Frustrations surrounding an alleged “free ride” that certain countries have been getting as a result of globalization have been building up in the proverbial West for quite a while, with the year 2016 being perhaps a textbook example to that effect in light of two events which have both proven that a significant segment of the population demanded a “game changing” policy/attitude shift: the Brexit vote on the one hand and Donald Trump’s victory in the US elections on the other.
Two “elephant in the room” questions arise:
- Have certain countries indeed been on the receiving end of a free ride?
- Is China one of them?
When it comes to the first question, the answer needs to be extremely nuanced because painting the entire story in either black or white leads to dangerous misunderstandings. First and foremost, yes, it is relatively straightforward to identify countries that have benefited from globalization tremendously but is it fair to see things in a “they’ve received a free ride” manner?
The ChinaFund.com team believes it makes sense to also understand other aspects pertaining to the so-called “free ride” recipients:
- They have for the most part been under-developed nations and as such, the “free ride” in question was more of a free ride out of poverty than a free ride to a lavish lifestyle, a particularity worth keeping in mind
- A rising tide tends to lift all boats because individuals who escaped poverty will gradually become more sophisticated consumers… among other things, of course, consumers of Western products and services as well
- Furthermore, this “free ride” also facilitated peaceful development and made the ascension to power of brutal dictators less likely. As such, it would be a shame not to acknowledge that globalization also ended up facilitating peace. Many mistakenly believe that even if brutal dictatorships would have emerged, the problems would have been localized in nature but in light of the fact that many under-developed nations are resource-rich, with the many alliances, agendas/interests and issues this brings about, this perception (that things could have been contained) is quite naïve
- The facilitation of innovation cannot and should not be underestimated, with the fact that the creative and productive potential of billions (literally) of people has been unleashed being a development so positively dramatic in nature that it becomes next to impossible to quantify its beneficial long-term effects
To put it differently, the idea that globalization beneficiaries have received a proverbial free ride with little in the way of benefits for the West is misguided at best, especially in an economic framework such as the one we find ourselves in today, one involving unprecedented levels of economic interconnectedness.
Moving on to the second question, the answer is far more straightforward: yes, China is most definitely one of the countries that can be considered a net beneficiary of globalization, perhaps even the number one beneficiary in light of the fact that 1.4 billion individuals have been given a chance to tap into the global economy.
Why did China become one of the top globalization beneficiaries, perhaps even the number one beneficiary?
For a wide range of reasons, such as:
- Its sheer size, with the international community considering it unwise to simply ignore developments in the world’s most populated nation
- Geopolitics-related reasons, with Western leaders such as Richard Nixon understanding that the West would have much to gain by exploiting the increasing animosity between China and the USSR. Needless to say, establishing closer economic ties to China enabled the West to do just that, thereby weakening Soviet positions
- A paradigm shift with respect to China’s leaders, from Mao Zedong who especially in the earlier part of his rule was pretty much an isolationist (even if this changed somewhat toward the end of his regime, once again for geopolitical reasons) to Deng Xiaoping who ended up understanding that learning from the West and becoming a cog in what was shaping up to be a global economy that was becoming more and more interconnected would be in China’s long-term interest
- The fact that for an extended period of time, China was perceived as a poor nation and as such, anything but a threat to the let’s call it Western order.
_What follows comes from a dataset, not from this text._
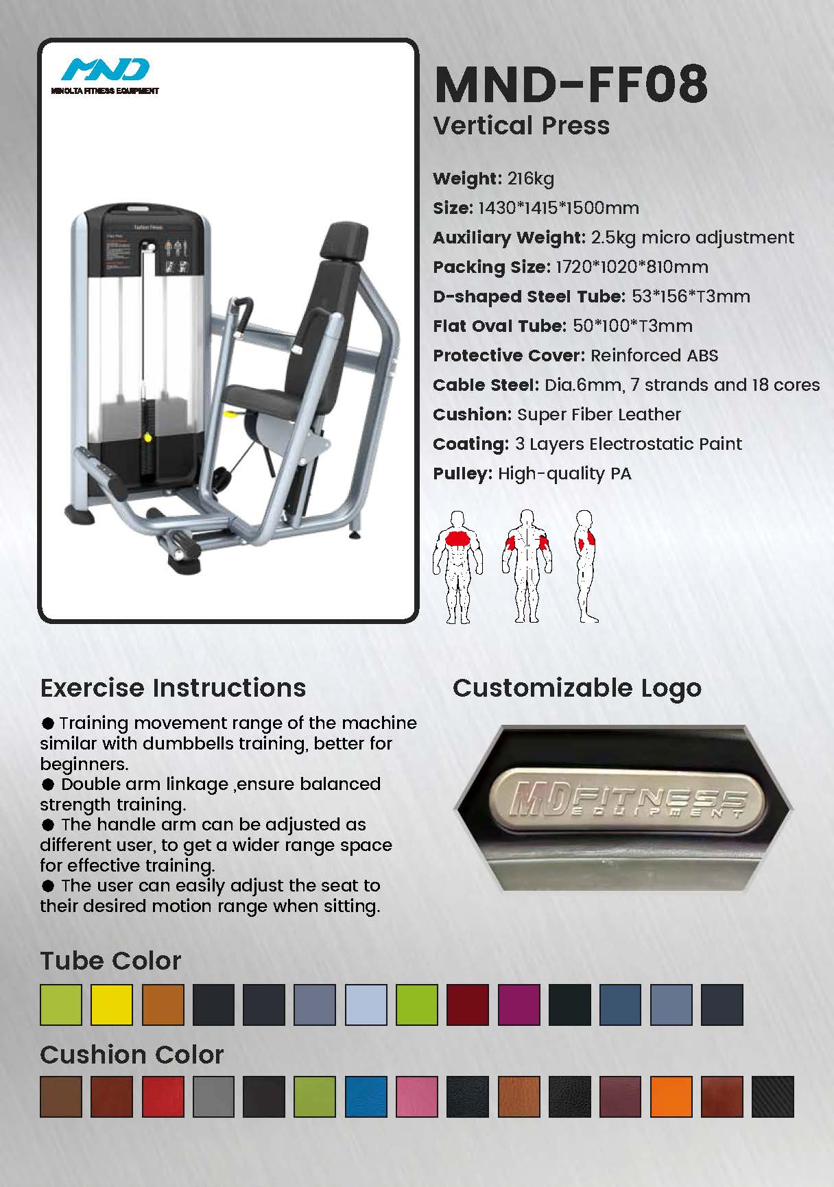 باعتبارنا مصنع تصنيع المعدات الأصلية وتصنيع التصميم الشخصي (OEM) الخاص بك والذي يتمتع بخبرة تزيد عن 15 عامًا ، فإننا نزود صالة الألعاب الرياضية الخاصة بك بآلات موثوقة تركز على المستخدم. يجسد FF08 التزامنا بالمتانة التجارية والتصميم المبتكر . استفد من خيارات الألوان التي تزيد عن 40 لونًا والتخطيط المجاني لتخطيط صالة الألعاب الرياضية لخلق بيئة تدريب مثالية.

Therefore, the general public didn’t perceive globalization as something that helps an “adversary” of the West until… well, much later on
The list could go on and on but instead of continuing, let us elaborate a bit when it comes to reason #4, by making a parallel to the present, a parallel which will help us understand why Western leaders as well as citizens are no longer willing to tolerate China’s “free ride” and instead, are interested in measures which keep their worryingly high trade deficits with China under control.
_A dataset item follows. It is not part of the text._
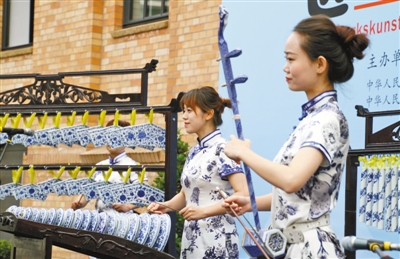 ??? 7月5日,“感知中國·匠心冶陶”景德鎮(zhèn)陶瓷文化展在柏林開幕,中方向德國觀眾奉獻(xiàn)了一場精彩的瓷樂表演。記者 管克江攝

This parallel for the most part revolves around the fact that today’s China is in no way as poor and vulnerable as let’s say Mao’s China. On the contrary, it represents the #2 economy worldwide in terms of nominal GDP and the #1 one on a PPP basis, with it most likely only being a matter of time until the United States is surpassed. Of course, a valid case could be made that things look considerably less stellar when analyzing China’s GDP per capita numbers, numbers roughly 6.5 times lower than US ones and more at par with under-developed nations than the West but let’s just say politicians as well as the general public over in Western nations are harder and harder to convince that things are… well, complicated.
All in all, despite the many nuances that exist as far as this equation is concerned, the conclusion is fairly straightforward: yes, certain countries can without a doubt be considered significant net beneficiaries of globalization and indeed, China is most definitely one of them, with a more than compelling case in favor of it being perceived as the #1 beneficiary existing. Needless to say, the West is far less willing to tolerate this status quo than in the past in light of China’s increasing dominance but that is a topic for future articles.